It would be bad of Cree if pot would need to be 10KOhm, it would mean that internal resistor is just 1kOhm, 10mA current flowing from sense wire to ground when set to minimum dimming (wires connected directly or pot turned all the way down). I think they would like to keep it around 1mA top but you never know.
If OP is up to it he can find exact value of internal resistor.
Get 100kOhm pot and multimeter.
Measure voltage of sense wire when disconnected (multimeter between sense wire and ground wire of dimmer input). It should be ~11V
Torn pot somewhere to the middle, measure its resistance between lets call it left pin and middle one. Adjust pot to about 25kOhm (you can use resistor with similar value, I would use 20-50kOhm).
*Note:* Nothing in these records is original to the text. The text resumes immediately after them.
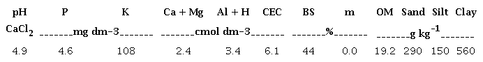 The soil used in the experiment was an Oxisol (Santos et al. 2018), equivalent to Ferralsols (FAO 1998), collected from the 0-20 cm depth layer and characterized by its clayey composition. The soil chemical and grain size analyses (Table 1) were performed according to Teixeira et al. (2017). The soil was sieved through a 4-mm sieve and then transferred to 5.5-dm³ pots. The soil’s base saturation was adjusted to 60 % using dolomitic limestone (PRNT = 86 %; Vilela et al. 2007). Irrigation was conducted daily using the gravimetric method (Cabral et al. 2018), to ensure that the applied water mass elevated the soil moisture to its maximum water retention capacity.
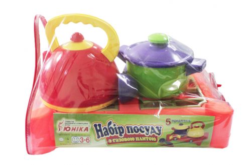 Газова плита (5 предметів: плита, чайник, каструля, ложка, виделка.). Матеріал: пластик.
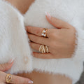 This standout ring features three glossy pearls set atop chunky, wavy gold bands, bringing a modern, organic feel to any outfit. The sculptural texture catches the light beautifully, giving it that “I just threw this on and look amazing” energy.

Connect the same pins to dimmer input.
Measure voltage across them.
Now you have Rp (resistance of pot), Vi (input voltage to divider measured in step 1 when sense wire is disconnected and current is not flowing thru internal resistor), and Vp (voltage across pot).
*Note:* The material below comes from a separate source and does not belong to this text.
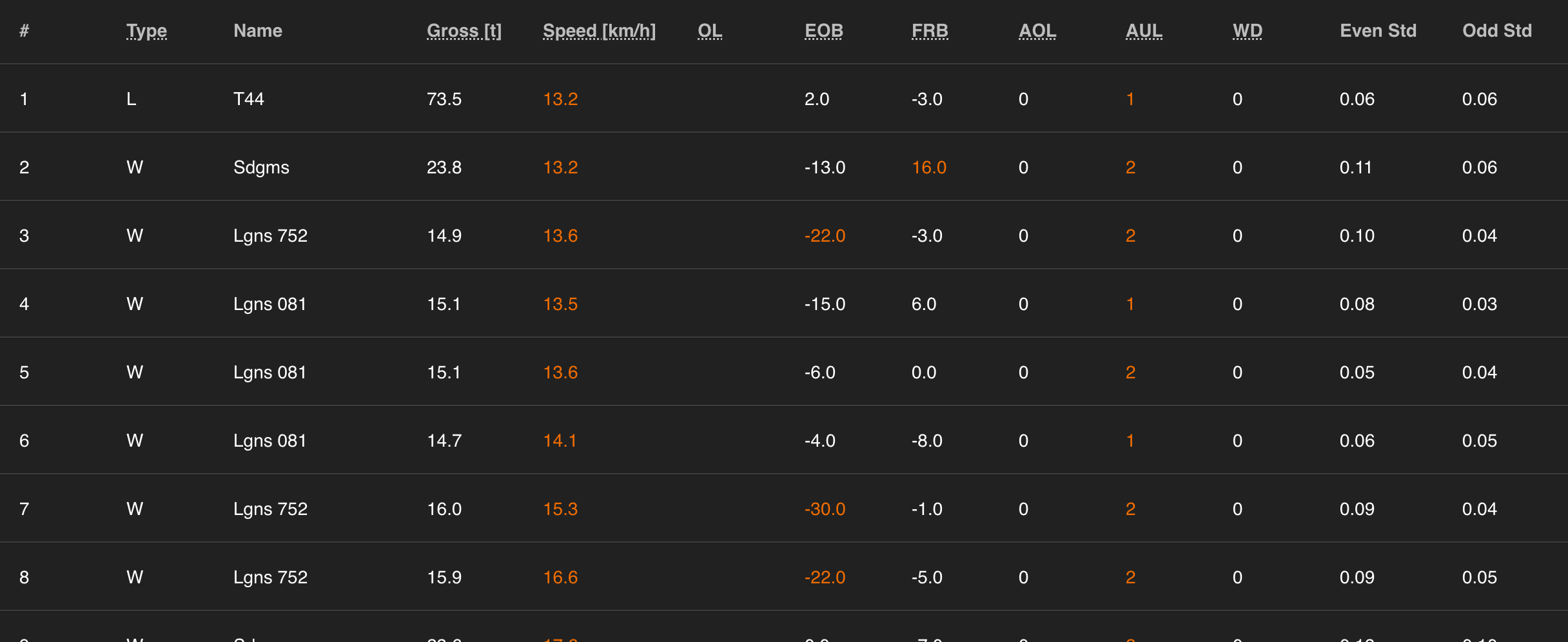 If the algorithm has been properly configured with the available site data, the system is also able to calculate the speed each axle is traveling and by extension the distance between each axle. The distance between axles is typically unique per wagon type, thus this information can also be used to convert axles into wagons and wagons into trains. To be able to classify wagons each wagon type must be input into the software, read more about how that works in this section: Wagon Type Classification.
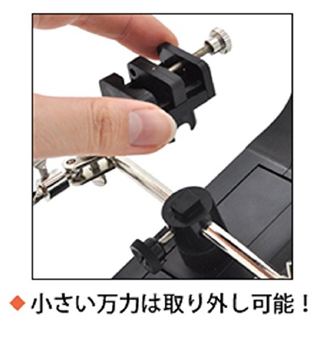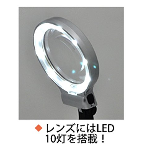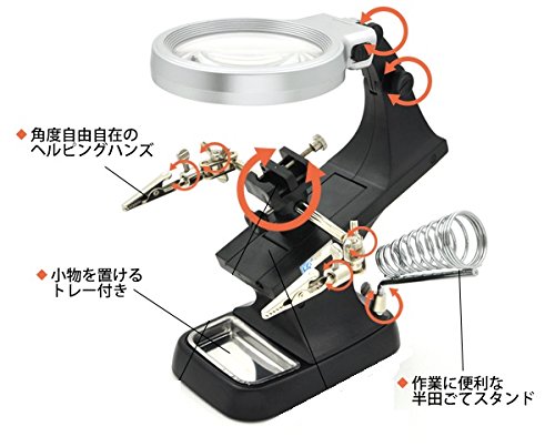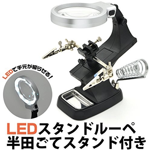 - 半田付けなどの精密作業には欠かせない、半田ごてスタンドのついたLEDスタンドルーペ。ルーペにLEDを搭載しているので作業時に手元が暗くなりません。ルーペは倍率3倍、補強レンズは倍率4.5倍です。

From this internal resistor value Ri is Rp/(Vi/Vp-1)
Once you know Ri best pot would be one with 10 times bigger resistance or little more (assuming open sense pin has 11V, if it is closer to 10V then dimming pot needs to be x times bigger that difference between open pin voltage is bigger than 10V, e.g., if open pin voltage is 10.5V then pot needs to be 20 times bigger resistance then internal resistor), logarithmic preferably (because one part of divider is constant and linear will not change Vp quickly enough to see difference).